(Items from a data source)

┄┄┄┄┄┄┄┄┄┄┄┄┄┄┄┄┄┄┄┄

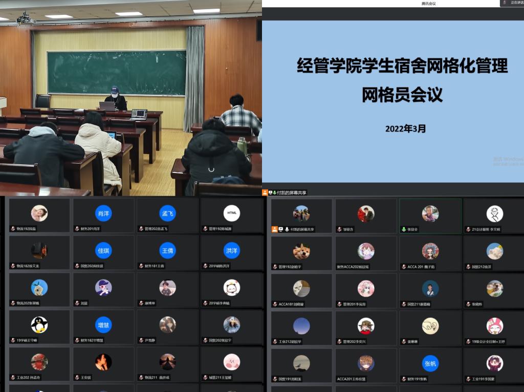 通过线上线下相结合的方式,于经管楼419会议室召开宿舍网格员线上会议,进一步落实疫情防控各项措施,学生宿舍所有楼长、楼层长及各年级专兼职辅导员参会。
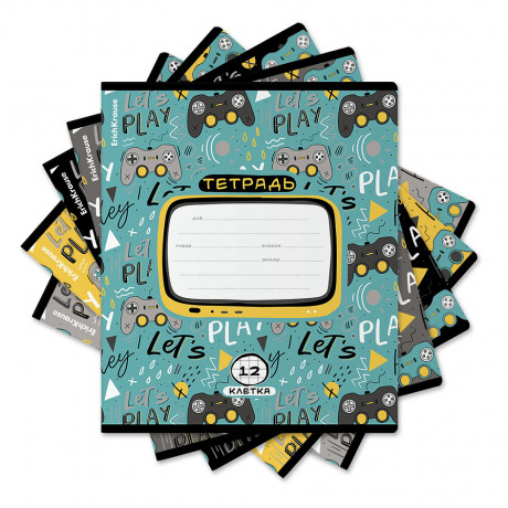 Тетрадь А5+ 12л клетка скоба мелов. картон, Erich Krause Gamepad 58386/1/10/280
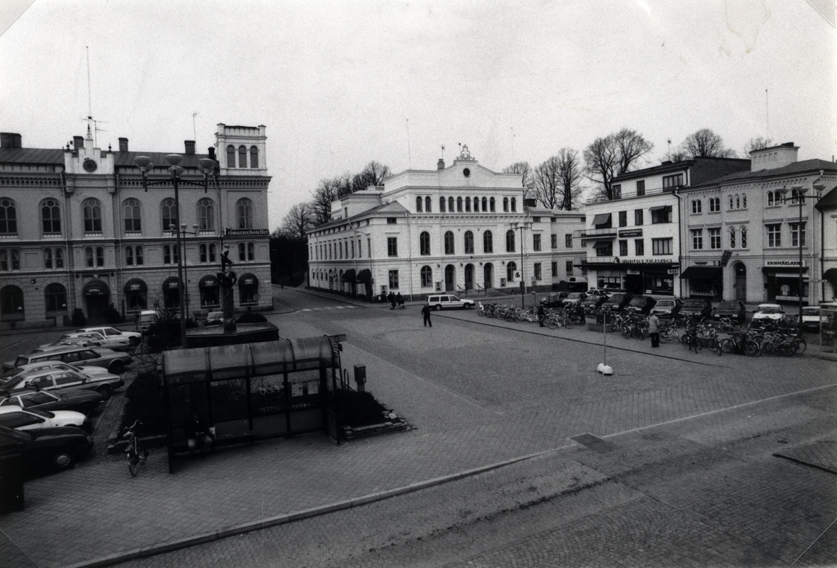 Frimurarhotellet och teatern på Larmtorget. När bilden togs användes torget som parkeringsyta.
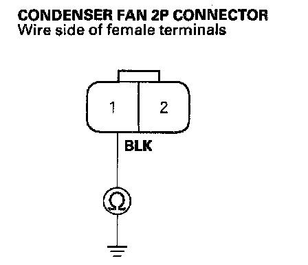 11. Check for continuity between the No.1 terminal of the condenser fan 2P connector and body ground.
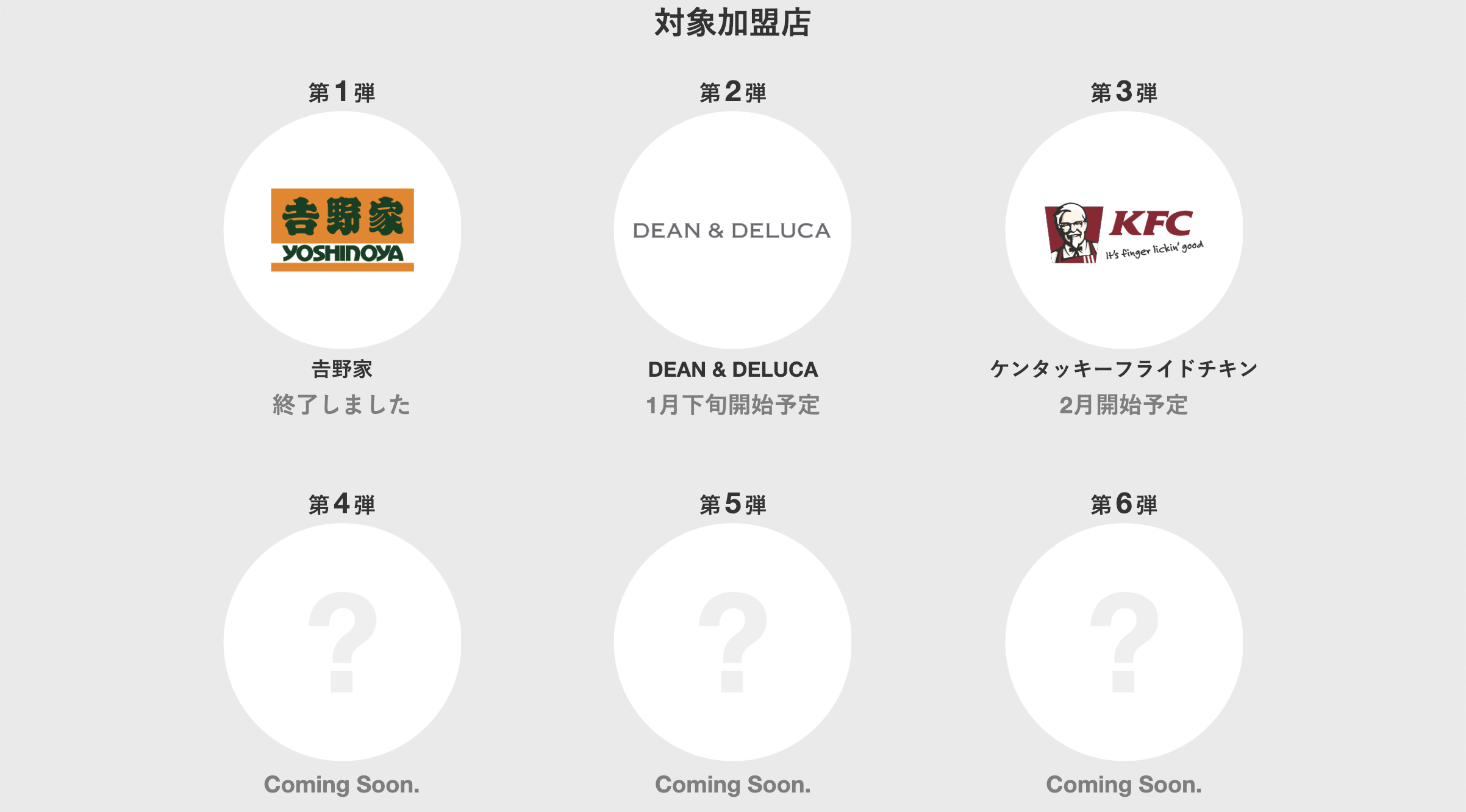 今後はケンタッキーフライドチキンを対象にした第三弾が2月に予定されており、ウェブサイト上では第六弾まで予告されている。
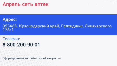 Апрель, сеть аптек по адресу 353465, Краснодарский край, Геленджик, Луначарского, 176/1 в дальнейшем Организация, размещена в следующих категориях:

┄┄┄┄┄┄┄┄┄┄┄┄┄┄┄┄┄┄┄┄

• _Your assignment_
A word-for-word copy of the entries above is what is needed, without any images.

• _Answer box_
 通过线上线下相结合的方式,于经管楼419会议室召开宿舍网格员线上会议,进一步落实疫情防控各项措施,学生宿舍所有楼长、楼层长及各年级专兼职辅导员参会。
 Тетрадь А5+ 12л клетка скоба мелов. картон, Erich Krause Gamepad 58386/1/10/280
 Frimurarhotellet och teatern på Larmtorget. När bilden togs användes torget som parkeringsyta.
 11. Check for continuity between the No.1 terminal of the condenser fan 2P connector and body ground.
 今後はケンタッキーフライドチキンを対象にした第三弾が2月に予定されており、ウェブサイト上では第六弾まで予告されている。
 Апрель, сеть аптек по адресу 353465, Краснодарский край, Геленджик, Луначарского, 176/1 в дальнейшем Организация, размещена в следующих категориях:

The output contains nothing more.